Every year during Read Across America week kids in our little town, and probably all across the country, read the great Dr. Suess book, Oh the Places You’ll Go wearing the outfits they picked out to support where they want to go when they grow up on career day. You get kids dressed as plumbers, doctors, teachers, farmers, rockstars, artists, stay-at-home moms and dads, and so much more. I love the dreaming and excitement that goes into kids choosing their careers. They pick based off of what they’re passionate about not understanding or really even considering the amount of money they’ll make in one profession over the other. Kids get asked ‘what do you want to be when you grow up’ and they think, what would I want to do all day every day when I’m big and don’t have to go to school?
This year in our house we had a construction worker and a dirt bike racer. I mean, how perfect is that. Both careers that take an intense amount of skill and physical work, but that is really where the similarities end. The middle man wants to race anything and everything in the worst way. In the winter he drives the small, beat up, old used 4 wheeler with a missing headlight like it is brand new with sponsor stickers everywhere. He slides on his helmet and becomes a totally different person flying down the driveway turning sharp to make his U-turn and make another lap. He dreams of the day he’ll be big enough for his own snowmobile and if given the option will watch freestyle (the high flying stunts and flips) any chance he gets. In the summer, there is really not much difference except that the wheels go from four to two. He spends hours on the dirt bike going around the little circle track they built and hitting the ‘jumps’. Even through his helmet and over the engine noise you can hear him playing the parts of racer, announcer, and crowd in his own fantasy. This little boy hit the jumps, do the tricks, fall and get back on to go again, and encourage all of his friends to do the same.

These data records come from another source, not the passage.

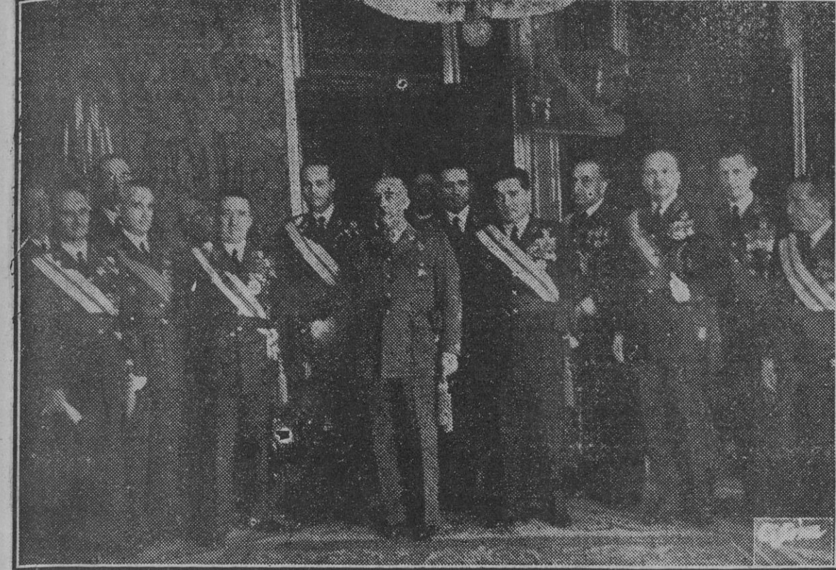
En ocasión de la festividad de Nuestra Señora de Loreto, Patrona del Arma de Aviación, el ministro del Aire, general González Gallarza...
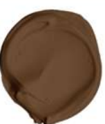
TOFFEE MACCHIATO EX. MOWILEX
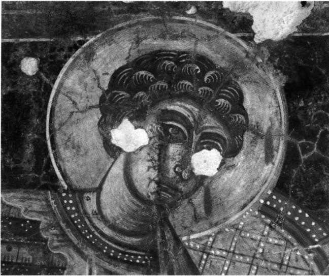
Εικ. 13. Ο άγιος Γεώργιος. Λεπτομέρεια.

δόκιμο στην εποχή βυζαντινό μεν, λατινογενή δε, όρο «ταβουλλάριος» ή και «νοτάριος» 119 .
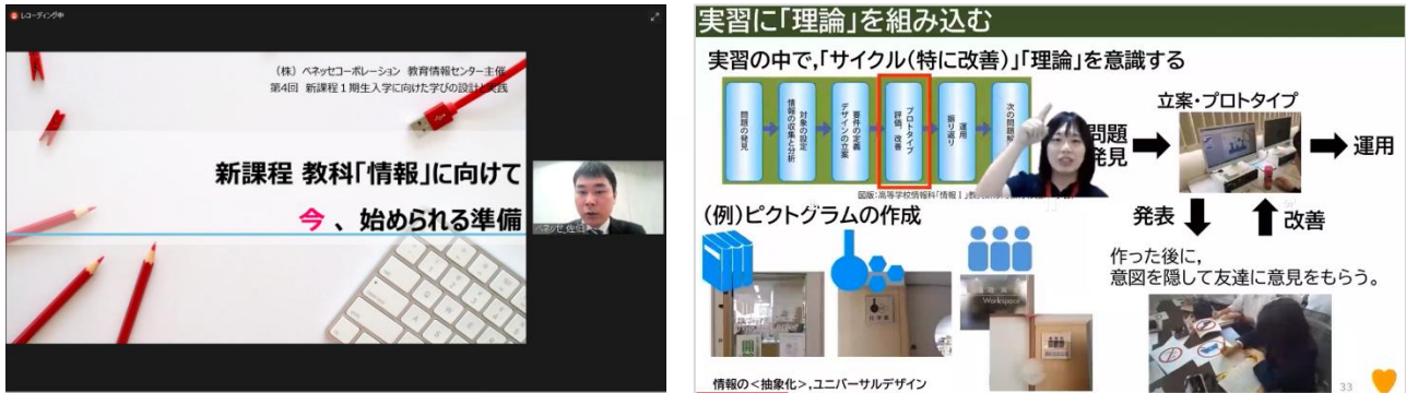
(今回開催されたオンラインセミナーの様様)

ベネッセでは、新課程でスタートする「情報Ⅰ」について、どう理解し、どう準備すればよいかなどについて整理した高校教員向けオンラインセミナーを7月までに3回実施しております。

Our oldest chose construction because he basically wants to be my husband in any and all ways possible. He doesn’t quite understand yet what sales and project management are but he knows Dad builds buildings so being the true construction worker is his most logical option. Now, I love my son and know that physical labor is not really his jam but giving direction to people is. I’m going to say that he’ll want to be construction adjacent when he grows up but I’m fairly confident he won’t actually carry the tool belt. What is really interesting is his entrepreneurial spirit and while I know he’d hate to admit it, one thing he got from me are some big freaking dreams. This kid at 8 years old doesn’t ‘just’ want to be in construction. He wants to have a huge farm with over 1,000 head of cattle. He wants to have an excavating business where he can run equipment if he wants but be able to dig foundations and pull-out tree stumps and about a million other things. Beyond all of his grand dreams he is actually pretty planful in this. He has intentions of working nearby farms in succession of his mode of transportation. (The farm only a mile away is first because he can ride his bike there. Then the one he could take a 4-wheeler to. Finally, when he turns 16 he will he’ll be able to work at the big farm several miles away.) The experience and connections he gains will help him in starting or buying his own some day. He has similar strategies on the construction front. Start at home and start small, get bigger and better until he can do it himself, or at least teach someone on his crew how to do it.

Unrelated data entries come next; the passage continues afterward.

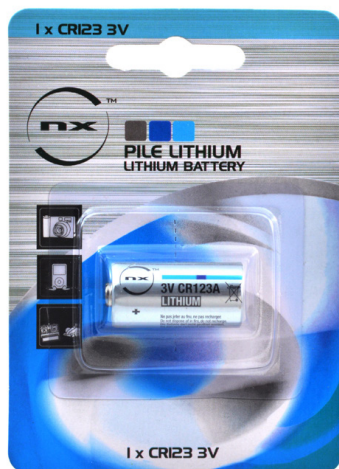
BLISTER DE 1 PC
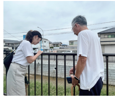
10/6 地域の方と金屑川について意見交換しました。
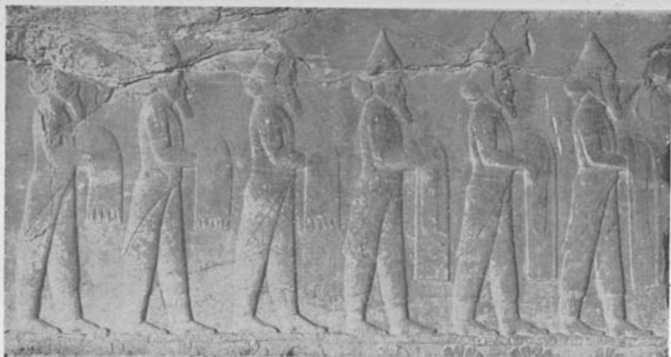
هیئت عمومی سوغدی‌ها

ایرانیان، طی چهارقرن بعد، قوم بومی اصلی را مستهک کردند، و تمدن مخصوص خود را بر روی تمدن مزبور (فرهنگ همسایه) بنا نهادند.
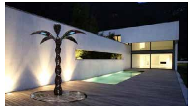
Palm Shower présenté sur l'espace innovation en 2012
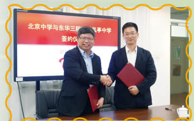
本校與北京中學結成姊妹學校
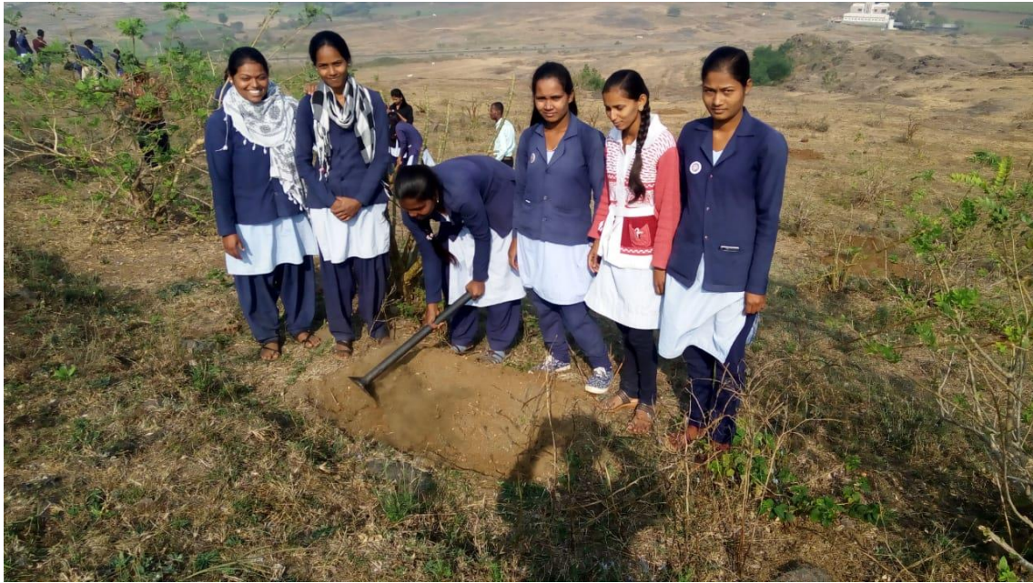
GIRLS ARE WORKING IN NSS CAMP
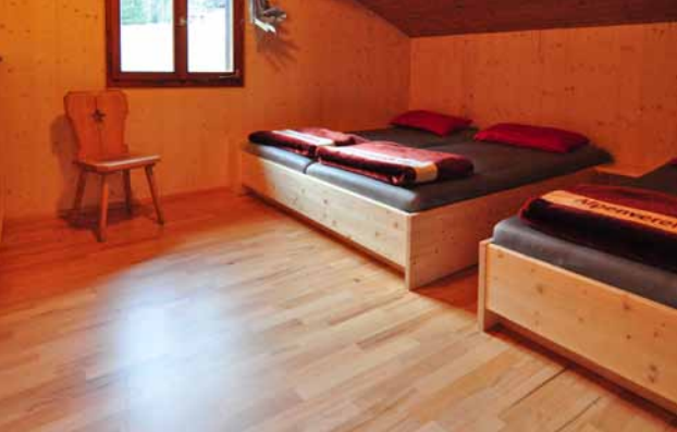
Zimmer in der Hütte 2
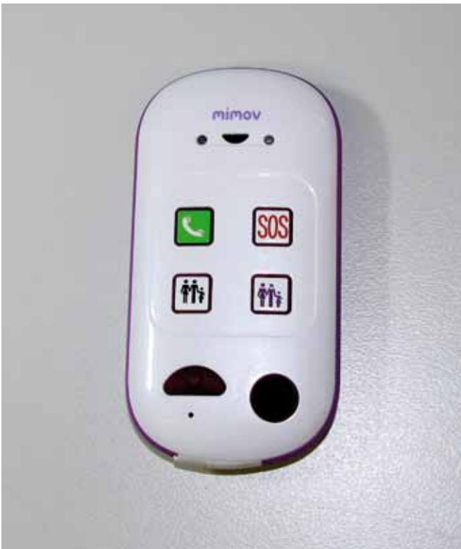
Figura 4. MIMOV.

modificaciones oportunas se iban realizando antes de avanzar con el diseño del producto, lo que supone un beneficio importante para la empresa. Por ejemplo, se recomendó la sustitución de los iconos de los botones existentes por otros que facilitarían la comprensión, mayor contraste y ajustar el tamaño de los símbolos de estos iconos (Figura 5). Al finalizar el proceso de asesoramiento, MIMOV se sometió al proceso de evaluación para la obtención del certificado SIMPLIT.
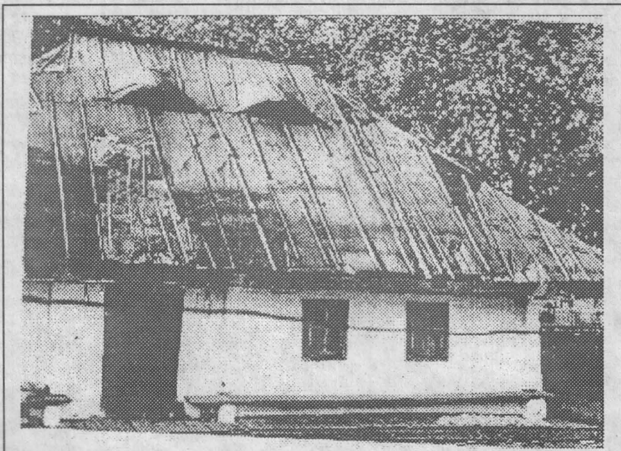
FIG. 2 Casă din bârne în cheutori Vilcovul de sus - Rădăuți

Fig. 1 Maison traditionnelle en bross, village Bivolărie, Vicovul de Sus
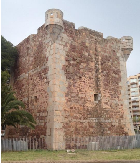
Fig. 1- Vista exterior de la torre de Sant Vicent.

Benicàssim y la misma villa. Se divisa la Torre Colomera de Oropesa y la sierra del Desierto de la Palmas.
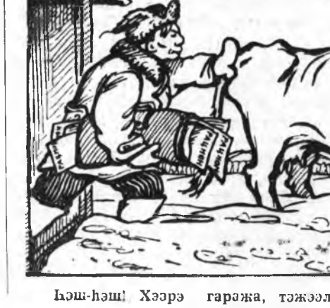
Баш-баш! Хээрэ гаржа, тэжээл бэдэрэ гэнэм...

дунда 4 час. Харгаһатада цыг 4-дэхи комплексно бри-фермэдэ ерэхэдэмнай, һу т-абадаг гэр руу хэдэн хаали-
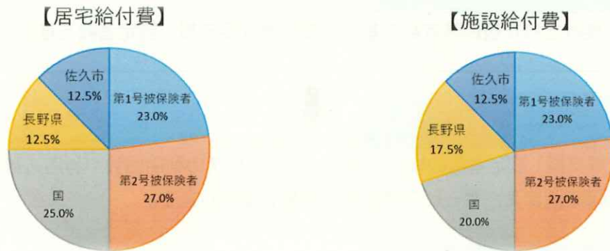
図表 6 - 1 介護保険給付費の財源

介護保険給付費の財源の負担割合は、国 25%（施設給付費分は 20%）、県 12.5%（施設給付費分は 17.5%）、市町村 12.5%、40～64 歳までの第 2 号被保険者 27%、65 歳以上の第 1 号被保険者 23%の負担率となっています。なお、国が負担する 25%のうち 5%の部分は調整交付金で、第 1 号被保険者の年齢構成及び所得水準に応じた率により調整され交付されます。
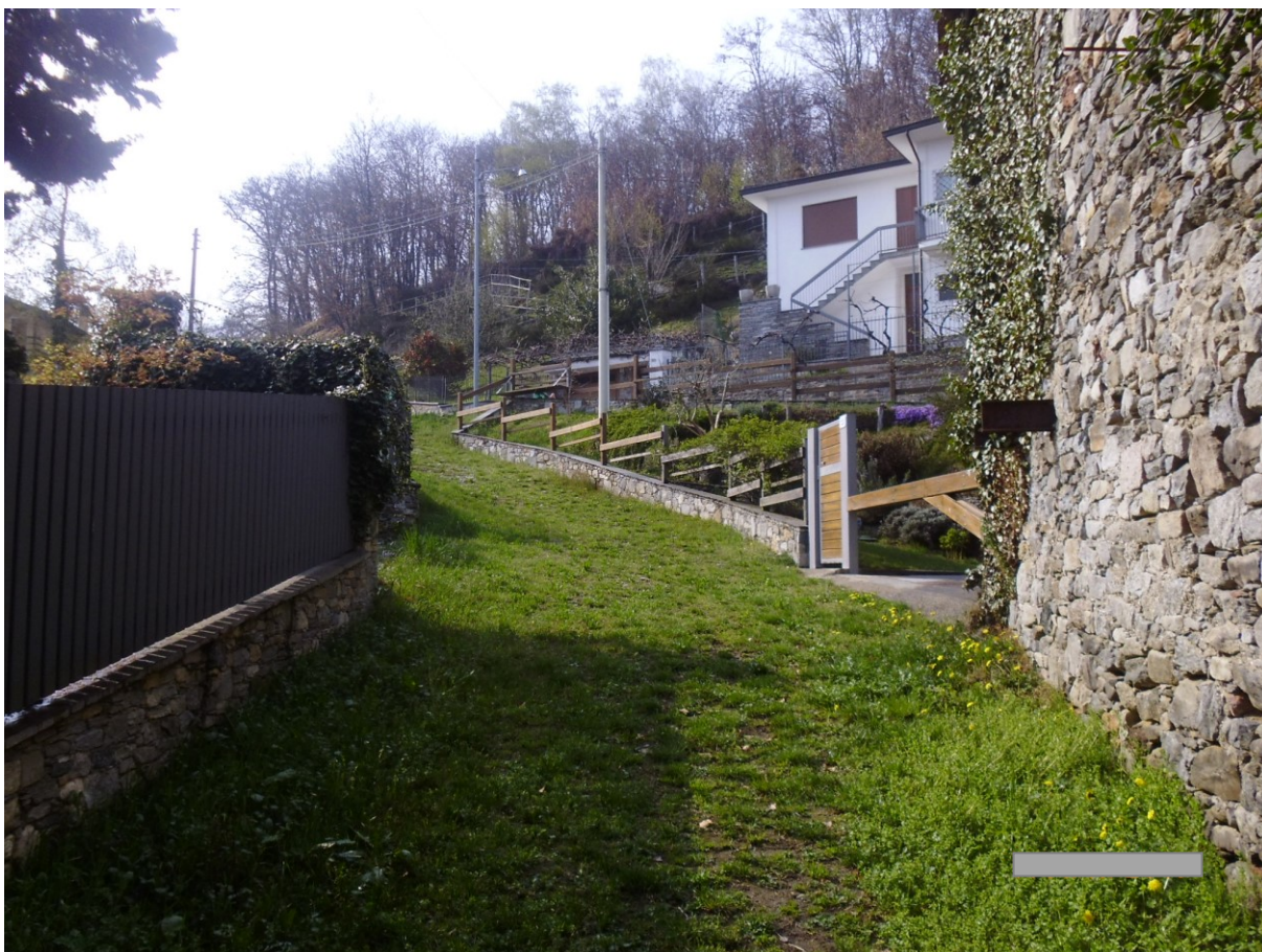
Foto 4: Particolare tratto finale con assenza di pavimentazione e inerbimento del tratto
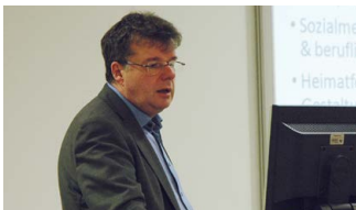
Eindrücke von der Jahrestagung 2016

I absolutely recognize that my kids hardworking and passionate as they are, have a serious amount of privilege to be able to do what they do particularly at the young ages they are. Machines to ride, a place to do it, and parents who support and help strategize your big dreams, there are a finite number of homes where kids grow up like this. I also know kids want to be what they see. My husband and my dad both used to race, one snowmobiles and one dirt bikes. My husband works and leads in construction every day and the kids see me leading teams at work on the daily, even more so since the start of the pandemic. There are hundreds of farms in our ‘neck of the woods’ as my dad would say. Most of them small family farms and some family farms that grew into very large operations. The kids in your life may have different aspirations and may not have the same opportunity to experience these careers day in and day out. My guess is around this elementary school age they are still dreaming about what they could be based on passions and what they see others doing and succeeding at.

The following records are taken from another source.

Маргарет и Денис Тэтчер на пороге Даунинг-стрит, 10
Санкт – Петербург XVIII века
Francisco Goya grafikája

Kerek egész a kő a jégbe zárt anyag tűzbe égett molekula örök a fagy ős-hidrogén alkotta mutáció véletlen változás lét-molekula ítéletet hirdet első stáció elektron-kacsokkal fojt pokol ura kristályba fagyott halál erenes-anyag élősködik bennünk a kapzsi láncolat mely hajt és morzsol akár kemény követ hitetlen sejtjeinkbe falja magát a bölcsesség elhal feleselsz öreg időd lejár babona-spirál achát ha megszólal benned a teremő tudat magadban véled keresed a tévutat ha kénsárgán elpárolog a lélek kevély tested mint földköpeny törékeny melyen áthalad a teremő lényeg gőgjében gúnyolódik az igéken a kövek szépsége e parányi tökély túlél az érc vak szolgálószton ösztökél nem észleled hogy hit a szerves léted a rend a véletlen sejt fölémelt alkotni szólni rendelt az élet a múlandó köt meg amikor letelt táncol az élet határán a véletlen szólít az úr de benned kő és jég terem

What about you? Are you still dreaming of what you’d be when you grew up? Do you have people around you that are modeling what it looks like to be successful at it? What is your strategy to get there? You have the power to intentionally dream. You have the ability to change who and what your influences are. Is there a voice telling you a certain story about what you can and cannot do? Quiet them or, if possible, cut them out completely, and fill your circle, your social, your podcast and book lists with those who have done it before and who encourage you. You have the skills to make a strategy to make a plan and get where you want to go.